## What to produce
Lines from the one containing "Москва. 23 мая." through the last line of the records below need to be repeated exactly; nothing else, and no pictures.

Stored entries:
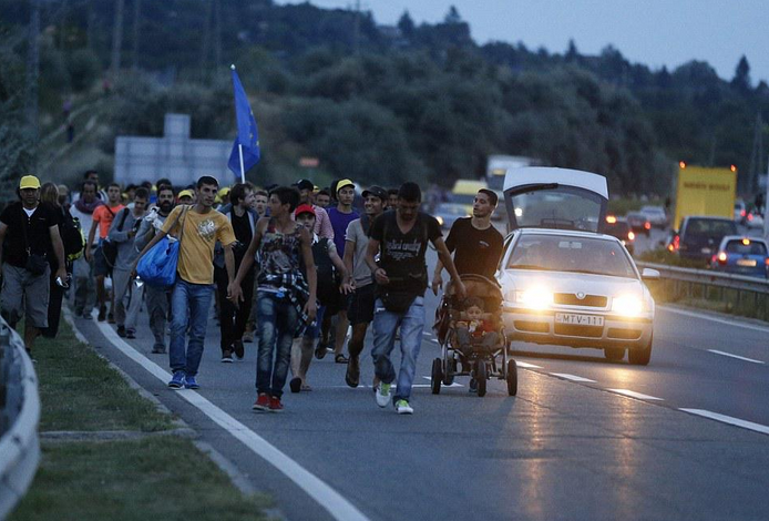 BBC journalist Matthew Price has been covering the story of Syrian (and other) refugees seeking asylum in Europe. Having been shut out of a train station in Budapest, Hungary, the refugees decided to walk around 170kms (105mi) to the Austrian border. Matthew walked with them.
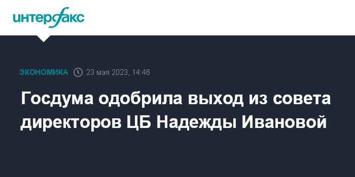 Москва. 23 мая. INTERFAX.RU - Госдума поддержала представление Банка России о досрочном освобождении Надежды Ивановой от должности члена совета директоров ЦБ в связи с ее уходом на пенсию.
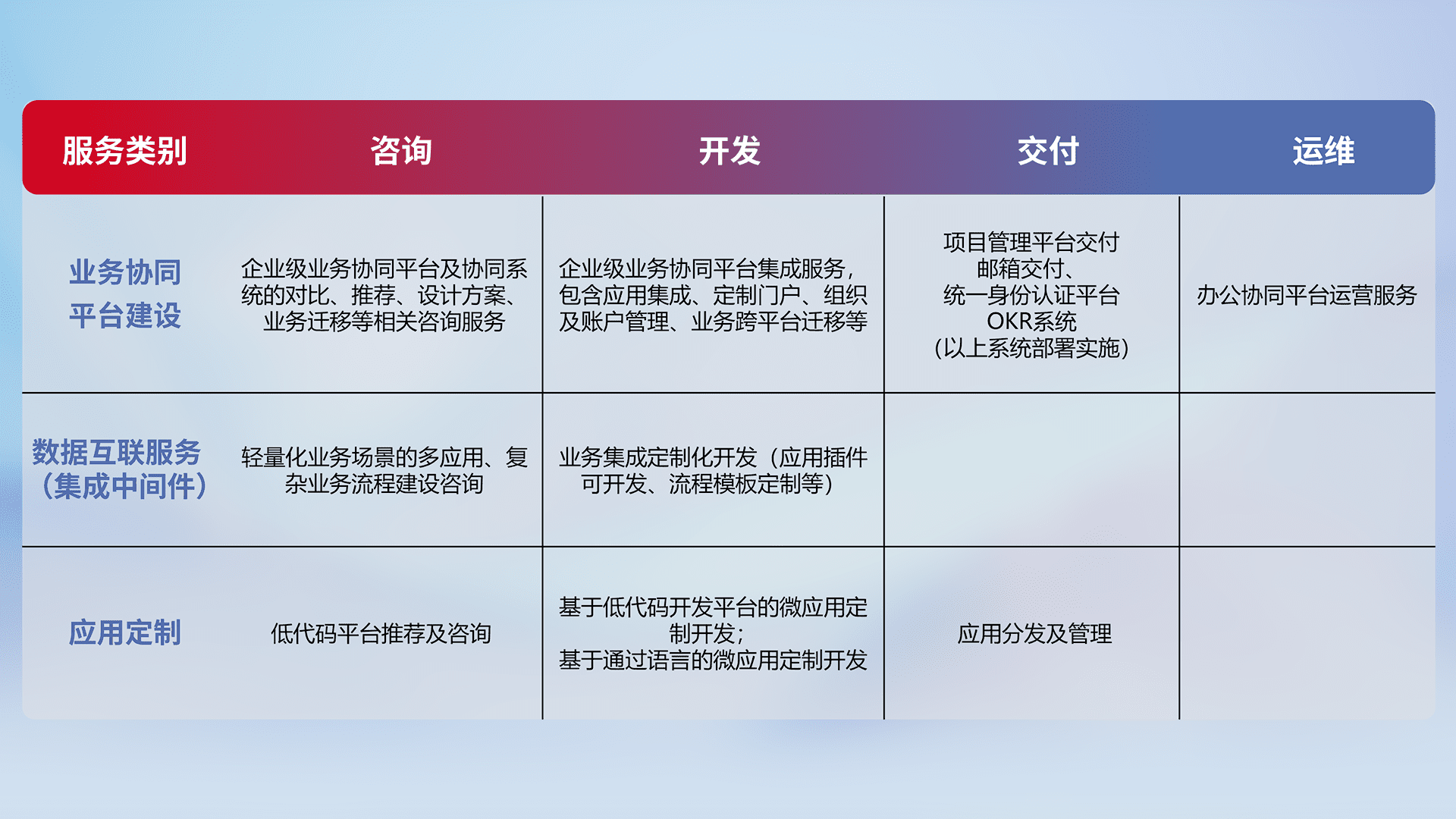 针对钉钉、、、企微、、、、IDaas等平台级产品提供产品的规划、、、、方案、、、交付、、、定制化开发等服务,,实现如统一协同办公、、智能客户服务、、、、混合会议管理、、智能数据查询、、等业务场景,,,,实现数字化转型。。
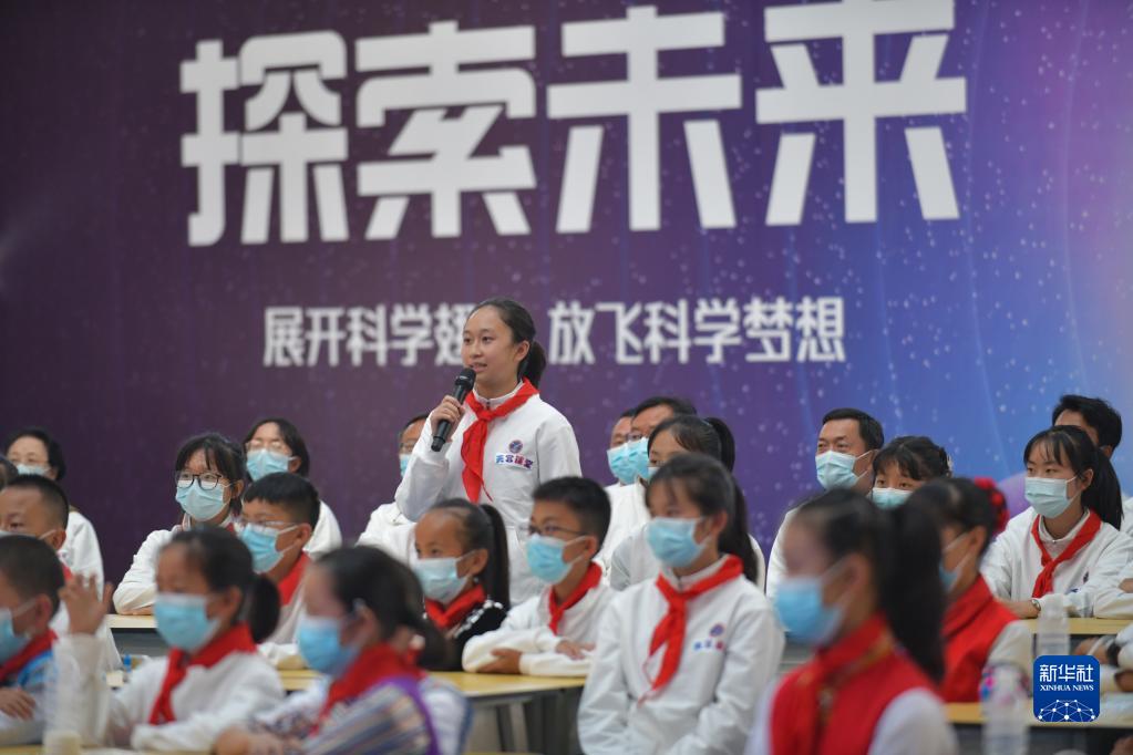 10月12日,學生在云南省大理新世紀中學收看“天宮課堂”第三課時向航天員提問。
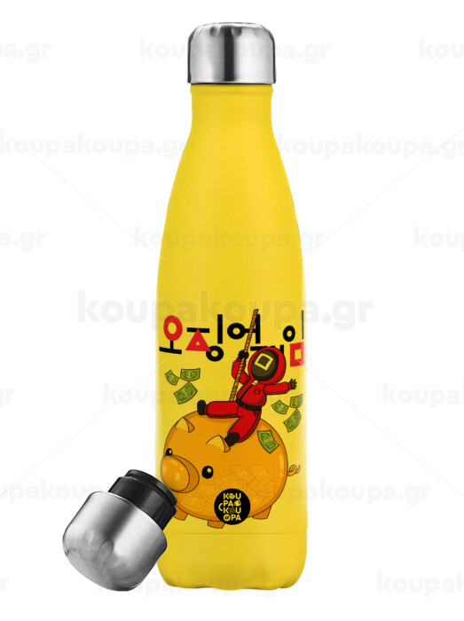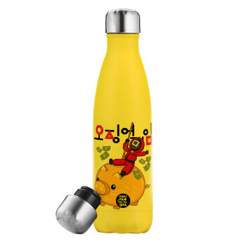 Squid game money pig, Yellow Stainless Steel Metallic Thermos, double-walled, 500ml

## Result of the task
 Москва. 23 мая. INTERFAX.RU - Госдума поддержала представление Банка России о досрочном освобождении Надежды Ивановой от должности члена совета директоров ЦБ в связи с ее уходом на пенсию.
 针对钉钉、、、企微、、、、IDaas等平台级产品提供产品的规划、、、、方案、、、交付、、、定制化开发等服务,,实现如统一协同办公、、智能客户服务、、、、混合会议管理、、智能数据查询、、等业务场景,,,,实现数字化转型。。
 10月12日,學生在云南省大理新世紀中學收看“天宮課堂”第三課時向航天員提問。
 Squid game money pig, Yellow Stainless Steel Metallic Thermos, double-walled, 500ml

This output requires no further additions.